Bob McManus

Bob McManus

Opinion

Year of the Overreach

And so ends the primary campaigns of 2013, the year of the electoral overreach.

The year that saw conventional-wisdom mayoral frontrunner Christine Quinn try to drape the identity politics that work so well in her Greenwich Village City Council district across all the five boroughs, only to discover that New York wasn’t buying it.

The year that Eliot Spitzer tried to scratch the ego itch that’s had him squirming so visibly for years, once again dipping into daddy’s dollars but this time falling to a feisty machine pol that nobody outside Manhattan ever heard of six weeks ago, but who got his own nasty up at the end and slew the ogre.

The year that Anthony Weiner — oh, hell, never mind Anthony Weiner. Nutcase.

The year that John Catsimatidis, the grocer who made a billion dollars selling wilted vegetables and $8-per-pound butter to New Yorkers for decades, and who then thought they would forgive and forget long enough to make him mayor as a Republican, learned they wouldn’t. Silly boy.

The year that Billy Thompson’s comeback, four years in the making, labored its way to the cusp of a primary runoff — while never coming to terms with the fact that his identity-politics base, middle- and working-class African-Americans, has been heading for the suburbs and the South for years. And which, at the end of the day, seemed largely to prefer the white guy anyway.

And it was the year that Public Advocate Bill de Blasio ended Primary Night poised to pull off the greatest overreach of them all — having advanced from a structural sinecure to the top step of City Hall. He did it with a scandalously sparse résumé in his back pocket and a troubling talent for raising unreasonable expectations.

Whether de Blasio ultimately gets to walk through the front door remains to be seen, but barring something truly remarkable, it appears he will inherit one of the most demanding jobs in New York City — its mayoralty.

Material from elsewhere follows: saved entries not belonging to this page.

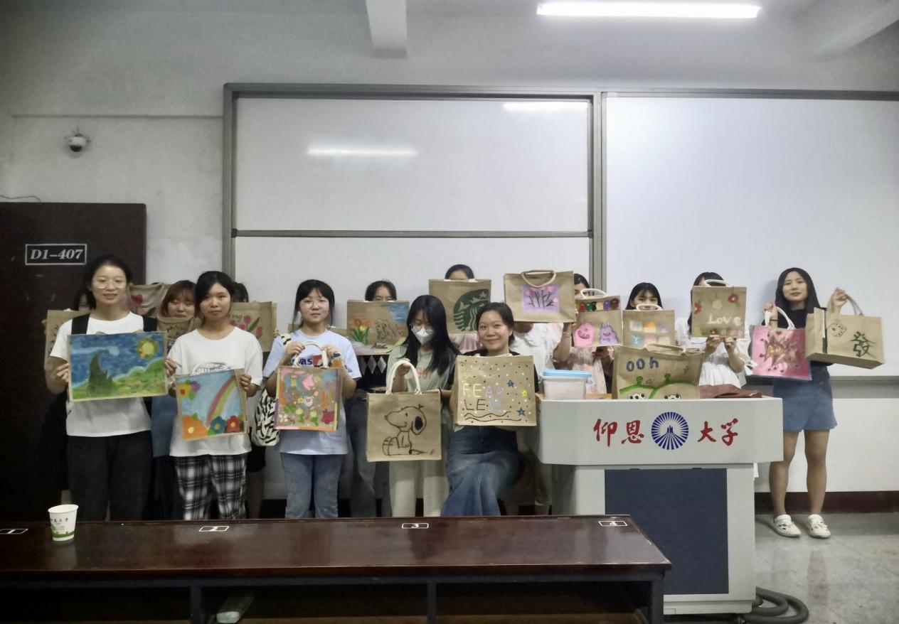 为倡导绿色低碳环保理念,引导广大同学积极投入到绿色环保的行列中,激发同学们的想象力和创造力,增强实际动手能力,2023年4月17日晚上7:00,金融系学生第一党支部党员楼委服务团与贵州楼楼委会在仰恩楼四楼活动室联合开展“妙手生花,‘袋’爱回家”环保袋DIY主题活动。此次活动面向金融系学生第一党支部全体同学和贵州楼宿舍同学。
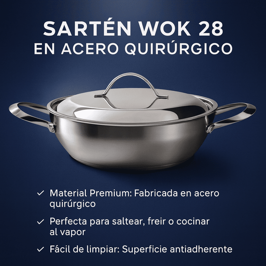 SARTEN WOK 28 EN ACERO QUIRURGICO PURIFIL
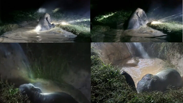 സമയോചിതമായ ഇടപെടൽ – ആനയെ കുഴിയിൽ നിന്ന് കരകയറ്റുന്നു
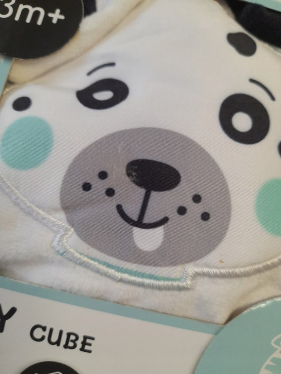 Na innym z pluszowych boków umieszczone jest lusterko, które zwraca uwagę niemowlaka, zachęca do chwytania kostki i poznawania swojego odbicia. Na jeszcze innym z boków doszyte są dodatkowe wstążeczki również stymulujące motorykę małą. Zabawka jest bardzo lekka i poręczna, łatwa do przechowywania, idealna do zabrania na spacer czy w podróż. Bez elementów plastikowych, można ją przymocować do łóżeczka czy wózka dzięki wstążeczkom.

Credit where it’s due. De Blasio punched all the right buttons at all the right times — that is, just when a restive electorate was looking to throw off the old in favor of the new, along came Bill. Twelve years of Mike Bloomberg seems to have been enough, thank you very much, and that also goes for his cast of supporting characters — Quinn and Thompson chief among them.

It also didn’t hurt that de Blasio has no public record to speak of, and that both Quinn and Thompson very much do.

* Quinn, fairly or otherwise, has been viewed for years as a handmaiden to Bloomberg — if such a characterization is permissible anymore — on a range of budget and policy issues. And she was a very public co-conspirator in the suspension of term limits that allowed Bloomberg to win a third term — stirring bitterness among voters who nevertheless awarded the mayor those additional four years. Go figure.

* Thompson, to put it bluntly, has exceeded his sell-by date. He’s been around, in one incarnation or another, since Ed Koch’s mayoralty, and he really didn’t have anything really interesting to say even then. It would seem that the voters noticed.

They noticed Bill de Blasio, too. It should have come as no surprise.

That’s because the de Blasio coalition very much reflects the one put together by another backbencher from the community-organizing left — Barack Obama — in 2008. And reassembled just last year.

Exit polls last night indicated that de Blasio pretty much swept the city’s demographic board — attracting pluralities in every category save Asians. And he even led the full range of income levels, at least those listed by the pollsters, despite a campaign based almost solely on a promise to pick high-income pockets.

Think of it as the Obama zeitgeist: If it worked so spectacularly in deep-purple America, why shouldn’t it work in cobalt-blue New York City?

Certainly there’s no reason to believe that it won’t work in a Democratic runoff, if it comes to it — that is, if the final numbers work for Thompson, and he insists on a one-on-one thumping.

Which leads to yet another overreacher — a fellow who has the tools necessary to construct a successful mayoralty, if not a bridge over the 6-1 registration advantage Democrats have over Republicans.

That would be Joe Lhota, who laid the Catsimatidis candidacy to merciful rest last night, and whose own résumé makes it clear that when it comes to governing, he gets it.

Will that be enough?

Unlikely, but what the hell.

It’s the Year of the Overreach, right?